Work instructions
Your answer must be the full listing below, repeated exactly, with no pictures in it.

[Input data Boundary: Start]

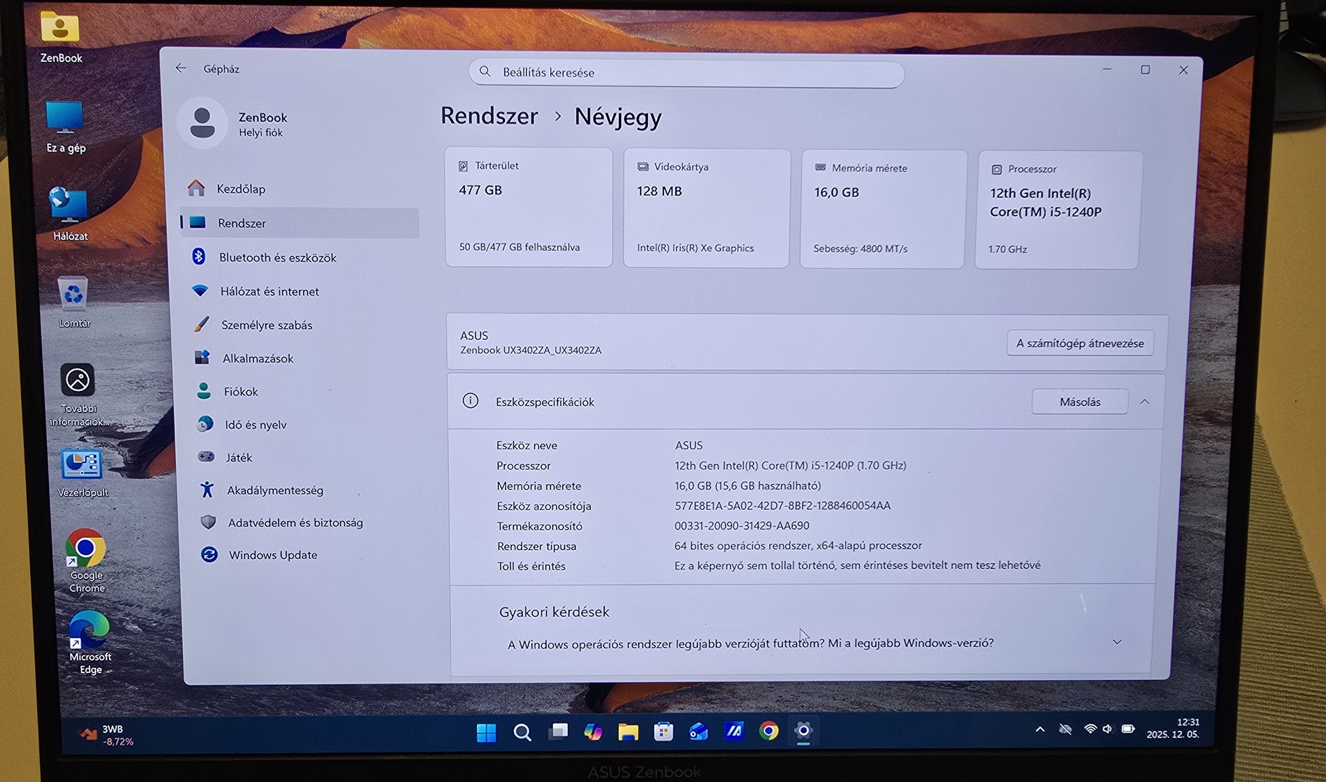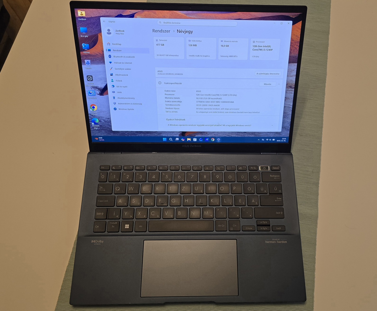 Eladó egy ASUS ZenBook UX3402Z OLED kijelzős notebook, dobozával, gyári töltőjével, Windows 11 PRO-val.
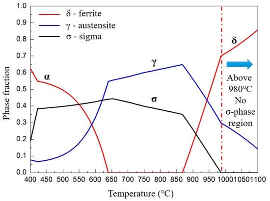 Duplex stainless steel (DSS) is a two-phase stainless steel comprising equal volumes of the δ phase and γ phase. The austenite ensures good ductility, toughness, and weldability. The ferrite raises the corrosion resistance mainly against pitting, stress, and crevice corrosion. It has high strength and superior corrosion resistance due to the presence of alloying chromium (Cr), molybdenum (Mo) and nickel (Ni). SAF 2507 (S32750) is developed mainly for chloride-containing environments, like seawater. Therefore, it contains higher amounts of Cr, Mo and N, which also improve the microstructural stability [1,2,3]. The high Cr alloying can increase the corrosion resistance and the Ni improves the toughness. The N can increase the strength and resistance against pitting corrosion [3]. The optimization of the corrosion resistance and the mechanical properties of DSS rely on the precise control of the microstructural evolution during hot deformation and the subsequent process of solid solution [4]. The thermal expansion coefficients between the austenite phase and ferrite phase are different and prominent in DSS. A remarkable thermal stress can be generated, resulting from variations in temperature [5,6] during thermal cycling. On the other hand, an appropriate treatment is required to avoid the existence of undesirable intermetallic phases (such as σ and χ) [4]. The sigma phase among the intermetallic precipitates is the most detrimental, because it can cause considerable drops in corrosion resistance and toughness [7].
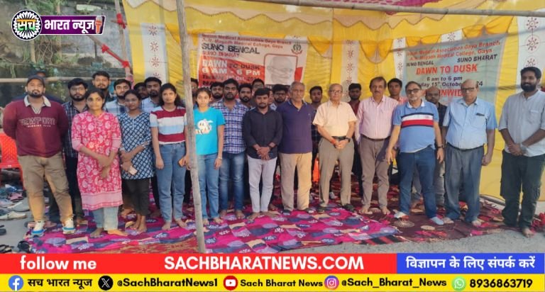 गया।कोलकाता में आमरण अनशन पर बैठे कनीय चिकित्सकों के साथ एकजुटता प्रदर्शित करने के लिए अनुग्रह नारायण मगध मेडिकल कॉलेज अस्पताल के कनीय चिकित्सक एवं मेडिकल छात्र एवं छात्राओं ने सूर्योदय से सूर्यास्त तक के लिए भूख हड़ताल किया।भूख हड़ताल पर बैठने वाले कनीय चिकित्सक और मेडिकल छात्र छात्राओं में (सूची सलंग्न) शामिल थे।उल्लेखनीय है कि कोलकाता के अभया कांड में न्याय और सुरक्षा के उचित व्यवस्था हेतु वहां के कनीय चिकित्सक अभी तक आंदोलन रत है और कनीय चिकित्सकों का एक जत्था पिछले 13 दिन से आमरण अनशन पर बैठा हुआ है,और कुछ चिकित्सको की स्थिति गंभीर हो गई है।इन संघर्षरत चिकित्सकों के साथ एकजुटता प्रदर्शित करने है इंडियन मेडिकल एसोसिएशन के राष्ट्रीय नेतृत्व के द्वारा पूरे भारत में सूर्योदय से सूर्यास्त तक के लिए कनीय चिकित्सकों के सूर्योदय से सूर्यास्त तक सामूहिक भूख हड़ताल के आह्वान के तहत इस सामूहिक भूख हड़ताल का आयोजन किया गया।सूर्यास्त के समय आईएमए बिहार शाखा के अध्यक्ष डॉ अभय नारायण राय एवं आईएमए गया शाखा के अध्यक्ष डॉ चौधरी लक्ष्मी नारायण ने फलों का रस दे कर भूख हड़ताल समाप्त करवाया गया।इस अवसर पर आईएमए बिहार शाखा के उपाध्यक्ष डॉ एल एम सिंह,आईएमए गया के उपाध्यक्ष डॉ वी वी सिंह,डॉ. सूरज प्रकाश,डॉ.शिवम,डॉ. डिम्पल,डॉ गरिमा,डॉ. कुश , डॉ.प्रभात आस्तिक कुमार,आदित्य शर्मा,अपूर्व कृष्ण, कुणाल कुमार,प्रतीक राज,राज आर्यण,शाश्वत सुमन,सनोज,विक्रांत, अमित कुमार, सहित अन्य मौजूद थे।

[Input data Boundary: End]

Output of the task
 Eladó egy ASUS ZenBook UX3402Z OLED kijelzős notebook, dobozával, gyári töltőjével, Windows 11 PRO-val.
 Duplex stainless steel (DSS) is a two-phase stainless steel comprising equal volumes of the δ phase and γ phase. The austenite ensures good ductility, toughness, and weldability. The ferrite raises the corrosion resistance mainly against pitting, stress, and crevice corrosion. It has high strength and superior corrosion resistance due to the presence of alloying chromium (Cr), molybdenum (Mo) and nickel (Ni). SAF 2507 (S32750) is developed mainly for chloride-containing environments, like seawater. Therefore, it contains higher amounts of Cr, Mo and N, which also improve the microstructural stability [1,2,3]. The high Cr alloying can increase the corrosion resistance and the Ni improves the toughness. The N can increase the strength and resistance against pitting corrosion [3]. The optimization of the corrosion resistance and the mechanical properties of DSS rely on the precise control of the microstructural evolution during hot deformation and the subsequent process of solid solution [4]. The thermal expansion coefficients between the austenite phase and ferrite phase are different and prominent in DSS. A remarkable thermal stress can be generated, resulting from variations in temperature [5,6] during thermal cycling. On the other hand, an appropriate treatment is required to avoid the existence of undesirable intermetallic phases (such as σ and χ) [4]. The sigma phase among the intermetallic precipitates is the most detrimental, because it can cause considerable drops in corrosion resistance and toughness [7].
 गया।कोलकाता में आमरण अनशन पर बैठे कनीय चिकित्सकों के साथ एकजुटता प्रदर्शित करने के लिए अनुग्रह नारायण मगध मेडिकल कॉलेज अस्पताल के कनीय चिकित्सक एवं मेडिकल छात्र एवं छात्राओं ने सूर्योदय से सूर्यास्त तक के लिए भूख हड़ताल किया।भूख हड़ताल पर बैठने वाले कनीय चिकित्सक और मेडिकल छात्र छात्राओं में (सूची सलंग्न) शामिल थे।उल्लेखनीय है कि कोलकाता के अभया कांड में न्याय और सुरक्षा के उचित व्यवस्था हेतु वहां के कनीय चिकित्सक अभी तक आंदोलन रत है और कनीय चिकित्सकों का एक जत्था पिछले 13 दिन से आमरण अनशन पर बैठा हुआ है,और कुछ चिकित्सको की स्थिति गंभीर हो गई है।इन संघर्षरत चिकित्सकों के साथ एकजुटता प्रदर्शित करने है इंडियन मेडिकल एसोसिएशन के राष्ट्रीय नेतृत्व के द्वारा पूरे भारत में सूर्योदय से सूर्यास्त तक के लिए कनीय चिकित्सकों के सूर्योदय से सूर्यास्त तक सामूहिक भूख हड़ताल के आह्वान के तहत इस सामूहिक भूख हड़ताल का आयोजन किया गया।सूर्यास्त के समय आईएमए बिहार शाखा के अध्यक्ष डॉ अभय नारायण राय एवं आईएमए गया शाखा के अध्यक्ष डॉ चौधरी लक्ष्मी नारायण ने फलों का रस दे कर भूख हड़ताल समाप्त करवाया गया।इस अवसर पर आईएमए बिहार शाखा के उपाध्यक्ष डॉ एल एम सिंह,आईएमए गया के उपाध्यक्ष डॉ वी वी सिंह,डॉ. सूरज प्रकाश,डॉ.शिवम,डॉ. डिम्पल,डॉ गरिमा,डॉ. कुश , डॉ.प्रभात आस्तिक कुमार,आदित्य शर्मा,अपूर्व कृष्ण, कुणाल कुमार,प्रतीक राज,राज आर्यण,शाश्वत सुमन,सनोज,विक्रांत, अमित कुमार, सहित अन्य मौजूद थे।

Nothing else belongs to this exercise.